Embanked enclosure, Cleristown, Co. Wexford
Co. Wexford |
Ringforts
In the fields of Cleristown, County Wexford, a grass-covered circle sits quietly in the landscape with no visible way in.
That detail alone is enough to give pause. An embanked enclosure, roughly 39 metres across, defined by an earthen bank and an outer fosse (a ditch dug to heighten the defensive impression of the bank above it), this is a site that offers no obvious clue about how people once moved through it, or indeed whether movement was ever really the point.
The enclosure sits on a gentle north-south spur of ground, with small streams running parallel to it on either side, one roughly 480 metres to the east and another about 420 metres to the south-west.

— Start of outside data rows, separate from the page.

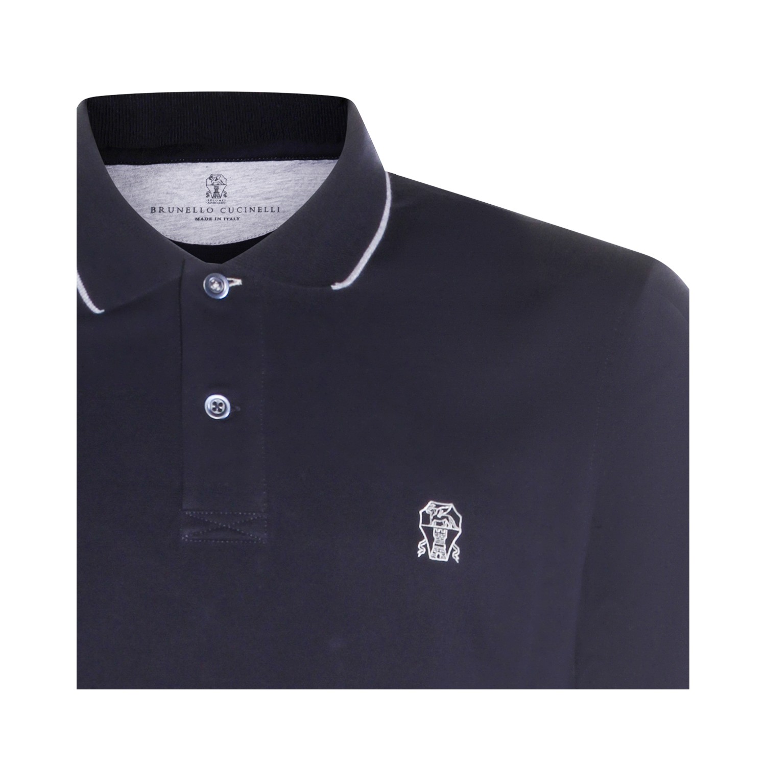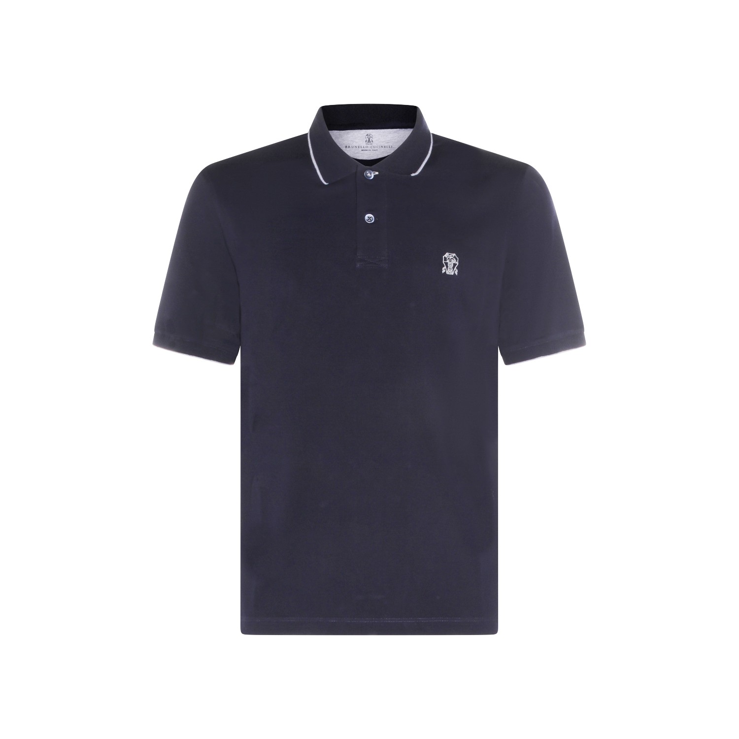 Navy cotton polo shirt from Brunello Cucinelli featuring regular collar, buttons fastening, short sleeves, frontal embroidered logo and regular vestibility.
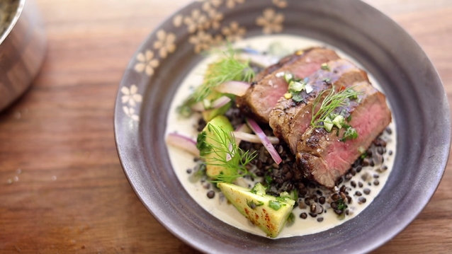 Veel ingrediënten heb je voor dit gerecht niet nodig. Het draait allemaal om een perfecte steak, heerlijke beluga-linzen en een aantal smaakmakers, zoals rode ui, venkel, knoflook, peterselie, koriander, avocado en chili flakes.
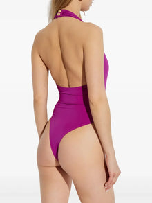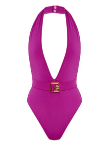 Make a bold statement with this purple Balmain logo swimsuit featuring a flattering V-neck and stylish halterneck design. Its open back adds a touch of allure, perfect for turning heads at the beach or poolside. Combining elegance and comfort, this swimsuit is a must-have for your summer wardrobe.
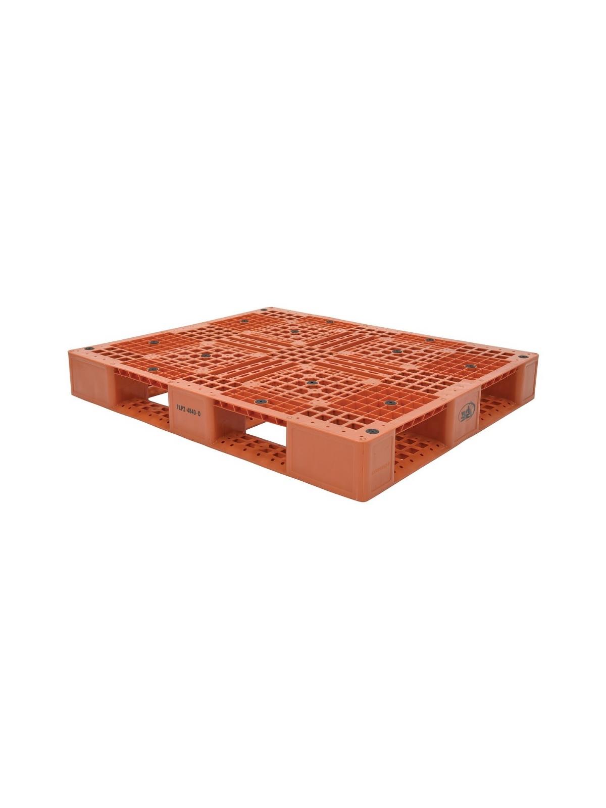 Made of high-density polyethylene for longer life. Pallets are maintenance free and safer to handle than wooden pallets. Features four-way entry. Serrated deck with holes for drainage. Plastic pallets are ideal for export, pharmaceutical, medical and food applications. FOB Shipping Point.

That positioning, elevated just enough to command a view across draining water, is a recurring feature of early enclosed sites across Ireland, where the relationship between earthwork and watercourse was rarely accidental. The bank itself survives unevenly. Along its north-east to south-west arc it remains most intact, standing about 2.3 metres on the outside face and 0.6 metres on the interior, with a width of around 3 metres, and accompanied by a fosse some 4 metres wide and half a metre deep. Around the south-west to north-east sweep, however, the bank has been reduced over time to little more than a low scarp, the outer ditch silted up and widened to a spread of around 5 metres at the top. The asymmetry suggests centuries of incremental erosion, perhaps ploughing along one arc, neglect along another.